*RECORDS PROVIDED*.
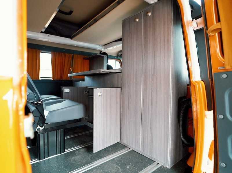 Кроме того, в пассажирском салоне может быть установлен легкосъёмный столик. Садиться в микроавтобус удобно: его боковая дверь оборудована рукояткой и стационарными ступенями. Задний дверной проём, с двойными распашными дверями, оснащён откидывающейся подножкой. В открытом виде распашные двери можно фиксировать специальными замками.
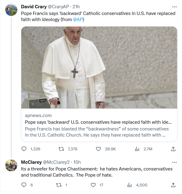 Firstly, I mean if he despises Americans that much why does he worry about the state of affairs of the US Church? Secondly, if only it were true that the US Bishops are hi-jacked by Conservatives. If that was the case, then you’d have the denial of the Eucharist to the likes of Biden and Pelosi.
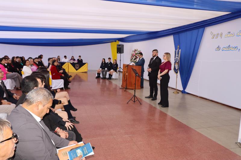 La actividad central fue una solemne ceremonia realizada en el patio del colegio la cual contó con la presencia de autoridades invitadas: Ricardo Mejías Casanova -Seremi de Educación de Ñuble, Juan Carlos Sánchez Doering -Director Regional de la Superintendencia de Educación de Ñuble, Anisia Toledo Bustos -Encargada Regional de la Unidad de Protección de Derechos Educacionales de la Superintendencia, Beatriz Muñoz Baquedano -Jefa de Gabinete del Departamento de Educación de Ñuble, autoridades de nuestro colegio encabezadas por el Director Hugo Flores, el Jefe de UTP Luis Maldonado, el Coordinador de Pastoral Pedro Osses, Padre Alejandro Úbeda Negrete -Capellán del colegio, Representantes del Centro General de Padres y Apoderados (CGPA), Estudiantes representantes del Cesab, funcionarios del colegio, apoderados y estudiantes representantes de los cursos, e invitados especiales.
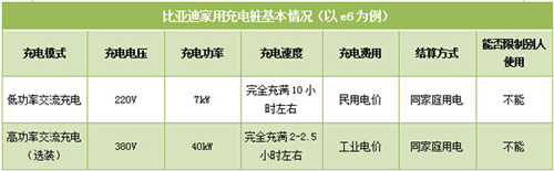 比亞迪e6目前是國內新能源車型中續航最長的車型,同時也是慢充時間最長的車型之一。如果需要安裝高功率交流充電樁,可進行選裝價格為1.25萬元,并且需要注意的是快充用電價格為工業用電價格。
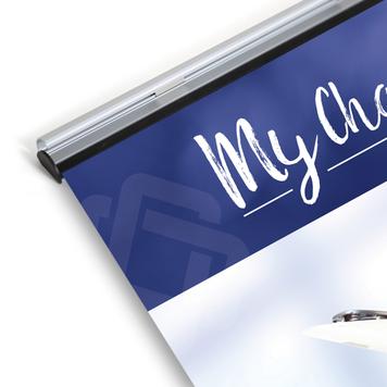 • Flip the rails open, insert your banner, and snap closed again
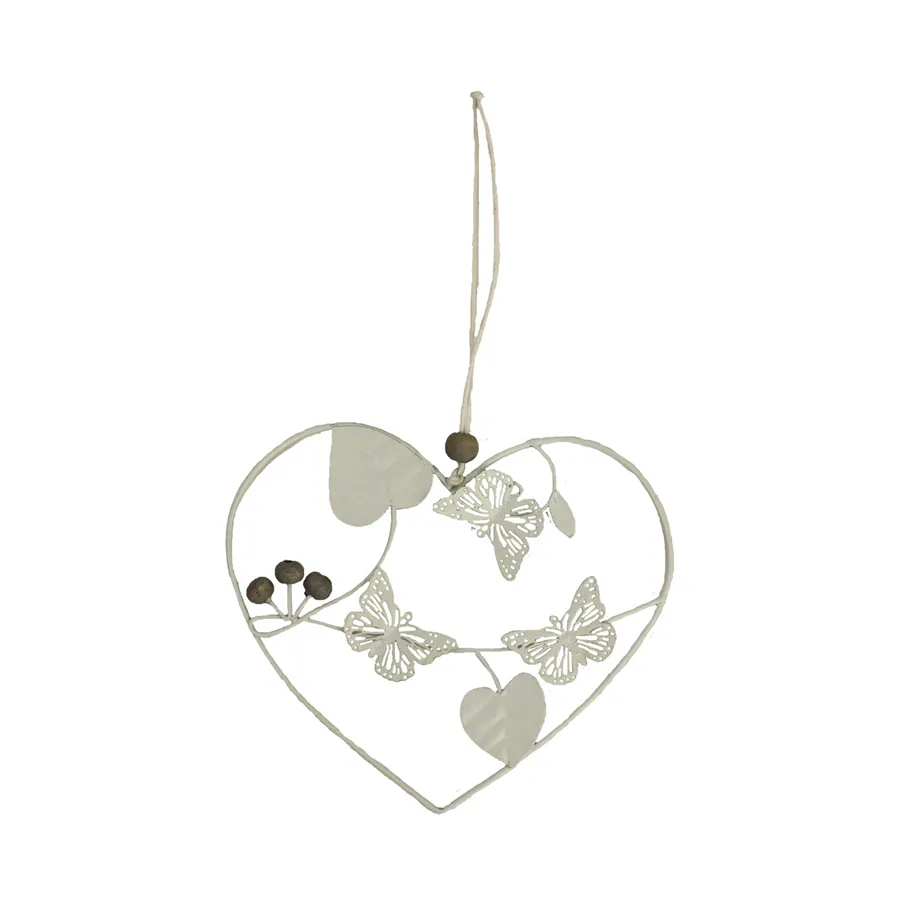 Hängend Herz mit Schmetterlingen. Maße: Breite 12 cm, Dicke 0,5 cm, Höhe 10,6 cm. Farbe: Weiß. Material: Metall.
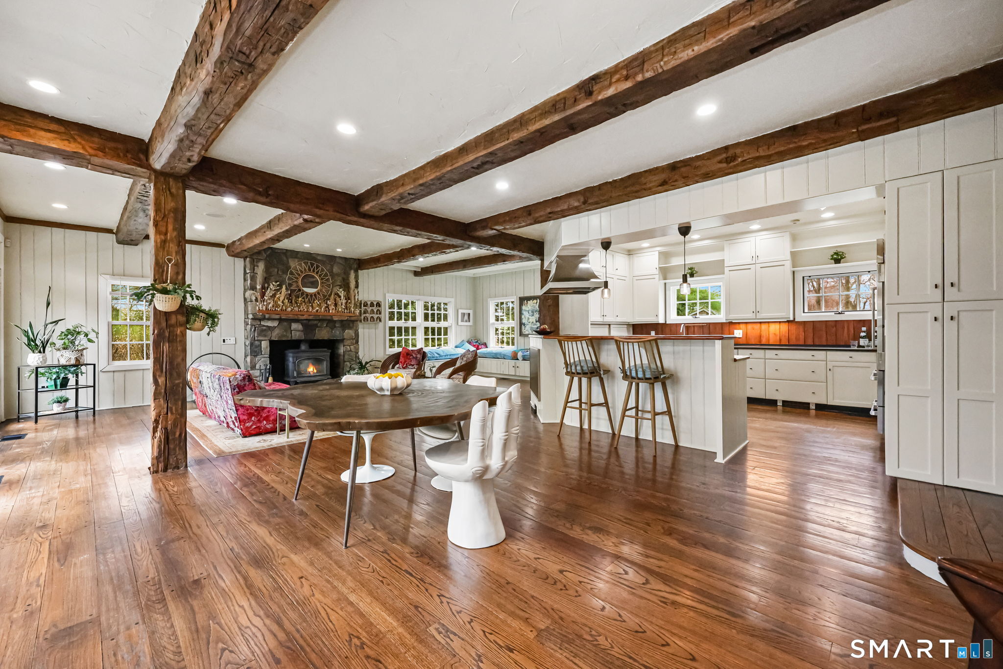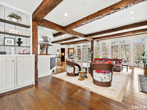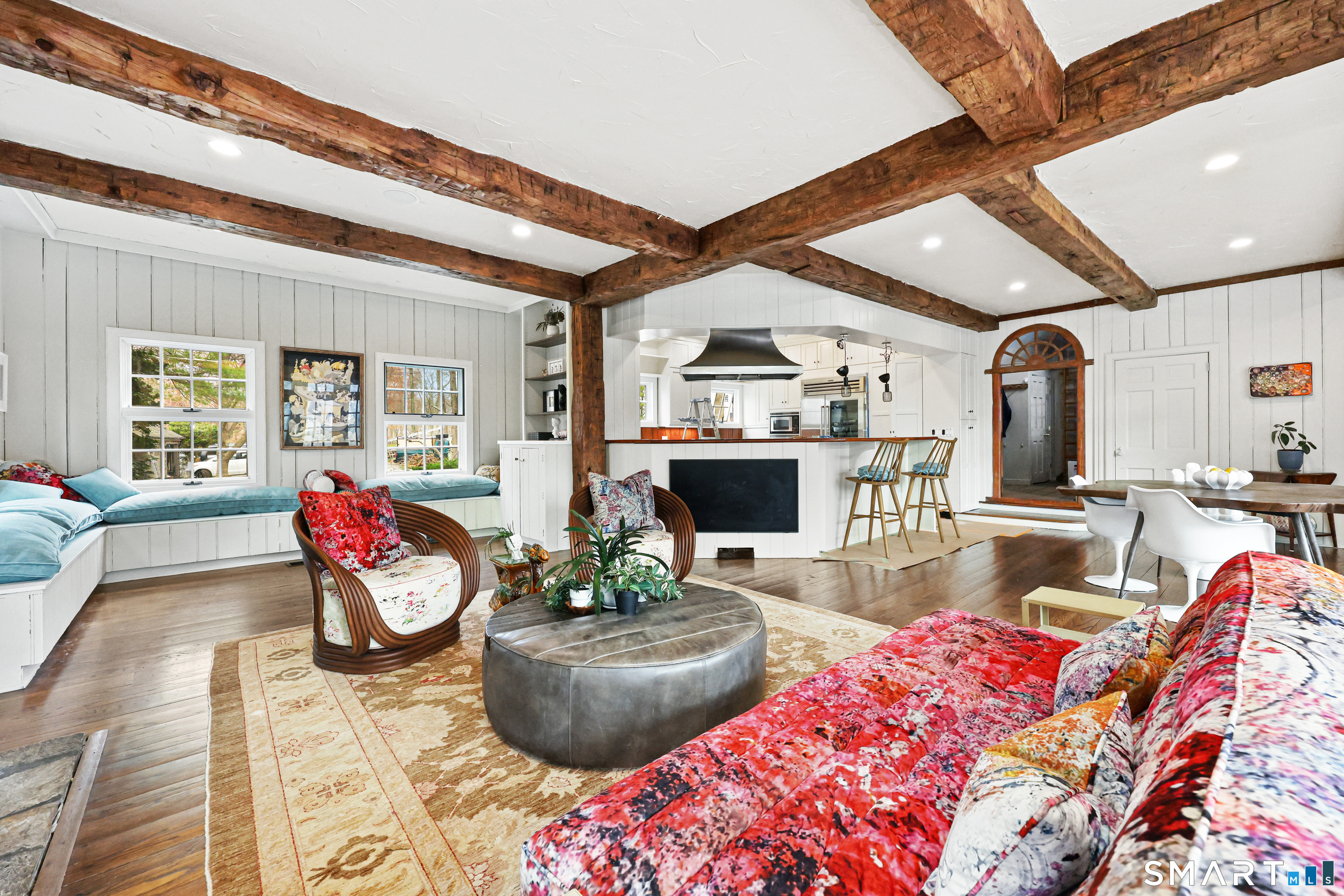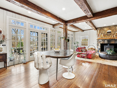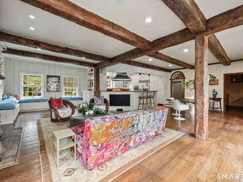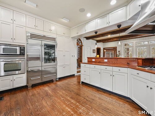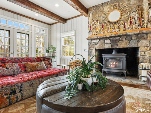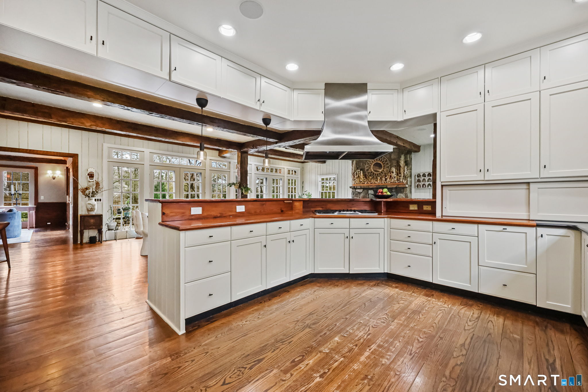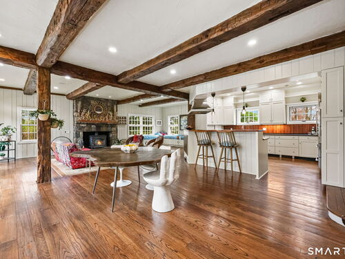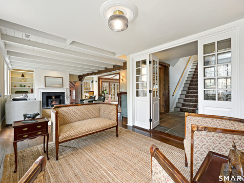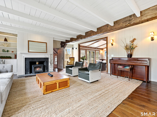 Set on 1.1 acres of beautifully landscaped grounds, this charming country home offers a rare balance of history, scale, and everyday livability. With over 5,000 square feet, five bedrooms, and six baths, the property unfolds in a way that feels both expansive and comfortable, shaped over time with care and intention. The home's origins date to the late 1800's. Each addition has been thoughtfully integrated, preserving the character of the original farmhouse while introducing the space and function expected today. Wide floorboards, exposed beams, and three fireplaces with later additions made to create a natural flow between gathering spaces and private retreats. The bright kitchen and family room with a fireplace anchor daily life. A fully equipped butler's pantry includes a bar, refrigerator drawers, dishwasher, and wall oven, and substantial storage. Two ensuite bedrooms on the main level and three bedrooms upstairs offer tremendous flexibility and versatility. The breathtaking grounds with multiple stone patios open to expansive lawns, mature trees, colorful gardens, and a level yard. This is a home that has grown over time without losing its identity. The result is a seamless blend of history and modern updates, offering a setting that feels grounded, inviting, and ready for its next chapter. A must see!
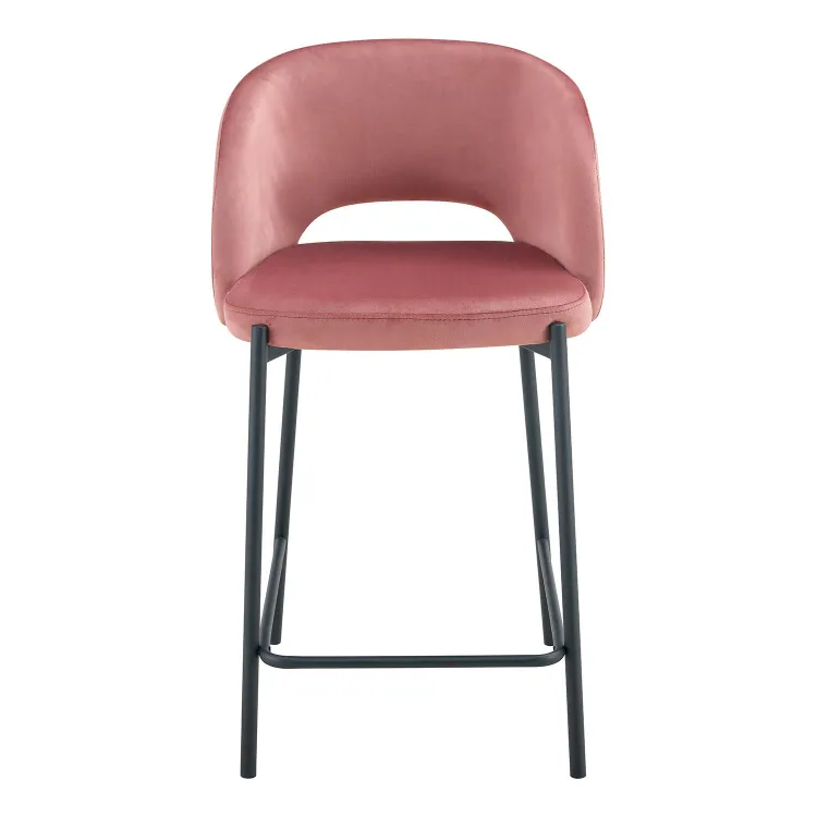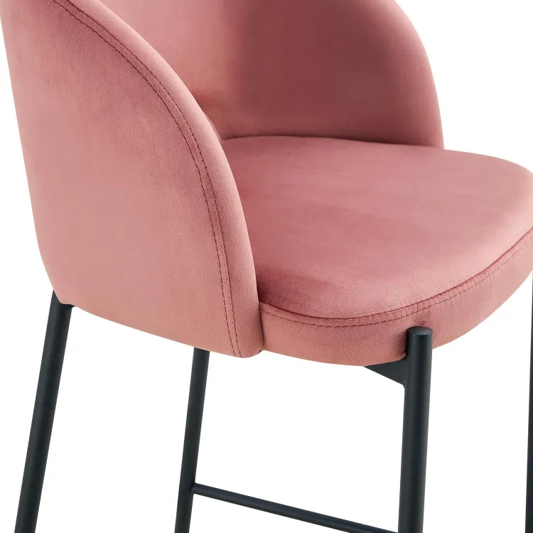 Taburete tapizado en terciopelo color rosa.
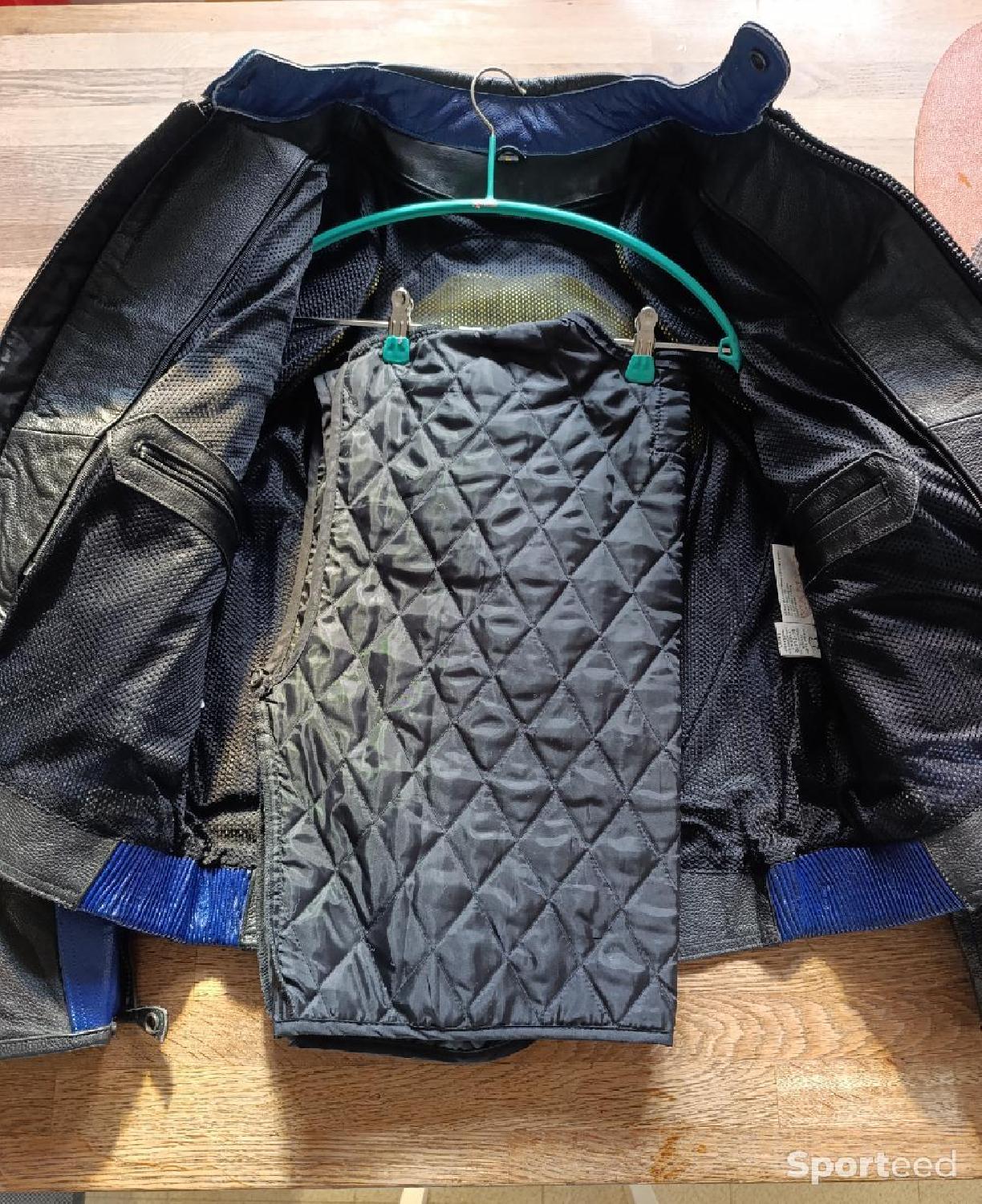 Blouson en cuir avec sa doublure de couleur noir/bleu très peu porté de taille L juste un défaut sur la fermeture éclair de la manche gauche
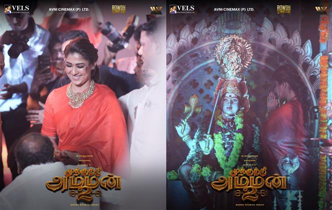 Now, Mookuthi Amman 2 has begun shooting, and images of Nayanthara from the shooting spot was shared by producers, Vels Film International. While the first film was written and co-directed by RJ Balaji, Mookuthi Amman 2 is a directorial venture of Sundar C.
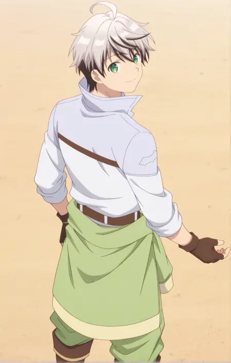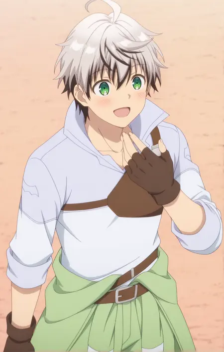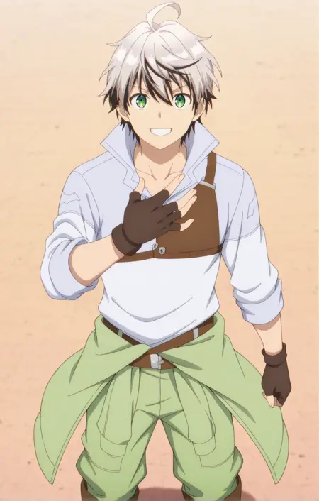 clothes, fingerless gloves, brown gloves, green pants, belt, white shirt, brown boots, collared shirt, high collar, popped collar, green clothes around waist,

*BRIEF*.
Repeat the records above exactly, from the first line through the line that contains "Firstly, I mean", and leave out the pictures.

*ANSWER FOR THE TASK*.
 Кроме того, в пассажирском салоне может быть установлен легкосъёмный столик. Садиться в микроавтобус удобно: его боковая дверь оборудована рукояткой и стационарными ступенями. Задний дверной проём, с двойными распашными дверями, оснащён откидывающейся подножкой. В открытом виде распашные двери можно фиксировать специальными замками.
 Firstly, I mean if he despises Americans that much why does he worry about the state of affairs of the US Church? Secondly, if only it were true that the US Bishops are hi-jacked by Conservatives. If that was the case, then you’d have the denial of the Eucharist to the likes of Biden and Pelosi.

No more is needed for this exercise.